I’m on my way to Vancouver to meet with people associated with the Commonwealth of Learning’s WikiEducator initiative for the Tectonic Shift Think Tank. They’re having a gathering to discuss the possibilities and limitations of the MediaWiki platform and related free and open source software for developing free and open learning resources. Over three days people will present visions for WikiEducator and its platform and we will work towards setting goals and objectives for further development.

Extending from an earlier post My Vision for WikiEducator, where I talk about the need for the platform to be able to aggregate and embed media from other platforms and then represent that content for embedding back into other platforms… I’d like to point to other thoughts and ideas that represent a wider vision I share.

  1. Pay it Forward Learning. An idea presented to NSW TAFE Outreach coordinators in 2005 as a way to offer free, or more accessible learning opportunities through the use of wiki type technology and processes. This project sees the engagement of learners in the actual development of learning resources through a formal recognition and even payment process.
  2. Brent Simpson’s various notes. Pointing out a few shortcomings on the mediaWiki platform, some ideas for improvement, and some positive possitioning of the eXe project to support WikiEducator developments
  3. Constructivist/constructionist Learning – Wikiversity discussion. The thoughts of – the gold in a wiki is in the discussion pages – where the focus in less on the actual content, but on using the process of content creation as a structure for learning.
  4. Training Packages Unwrapped. An Australian project developed by Peter Shanks that takes Australian Training Unit Standards out of their RTF and PDF formats, and makes them available in a number of other formats, including MediWiki text. This project has generated some measure of interest in Australian eLearning innovation circles, and is already being used by a number of teachers in the development of learning resources on both WikiEducator and Wikiversity initiatives. It is a very fast way to create a basic structure for a resource based on a recognised criteria for learning the subject.
  5. Michael Nelson, Web Design – Wikiversity. Michael has been using Training Packages Unwrapped and Wikiversity to develop learning resources for Web Design. He has described compelling ideas inspired by that experience, how he can conceivably see a relationship forming between teachers, students, industry and the Australian Training Authority where openness in expressions of unit standards not only helps teachers and students to engage with and understand them, but would help to keep each unit standard up to date and relevant.

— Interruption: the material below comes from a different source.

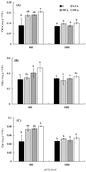 Chlorophyll a (A), chlorophyll c (B), and carotenoid content (C) of S. japonica grown at different pCO2 levels and copper concentrations. C (control, natural seawater); LCu (low copper concentration, 0.2 μM); MCu (medium copper concentration, 0.5 μM); HCu (high copper concentration, 0.2 μM). All results are shown as mean value ± SD (n = 3). Different letters indicate statistical differences (p < 0.05) among experimental treatments.

In New Zealand, Training Unit Standards have been used for longer than Australia, and in some subject areas the inustry body charged with maintaining the unit standards have allowed some units to fall out of date, to a point of not being usable. The WikiEducator initiative could help to solve this problem by negotiating with National Training Unit Standard bodies for permission and encouragement to use expressions of unit standards as a basic structure for starting a resource and to compare unit standards internationally.

Using Training Unit Standards on WikiEducator would provide vocational teachers – who’s work is largely defined by such standards – a big reason to use the platform.

Speaking from general experience, collaboration on resource development is not a primary or even secondary factor normally considered by teachers in the vocational sector. Most teachers have a hard time achieving cooperation and collaborative relationships with their immediate peers let alone students, industry and the wider community, and so it is difficult to perceive and appreciate the usefulness of learning to use a wiki (with all its limitations) and then to overcome some level of nervousness in exposing their work to audiences wider than their students. This is of course something that is changing as the successes of Wikipedia and Web2 generally become more widely appreciated, but it will be some time yet, if ever, before a wiki is considered before a photocopier, PowerPoint, basic Word handout all delivered over a legacy Learning Management System 😦

I hope this meeting will think hard about these realities in some parts of the CommonWealth at least, and that we can think of ways to improve the situation.

Like Brent, I would also like to extend an invitation to anyone else who has some ideas that could help the WikiEducator initiative.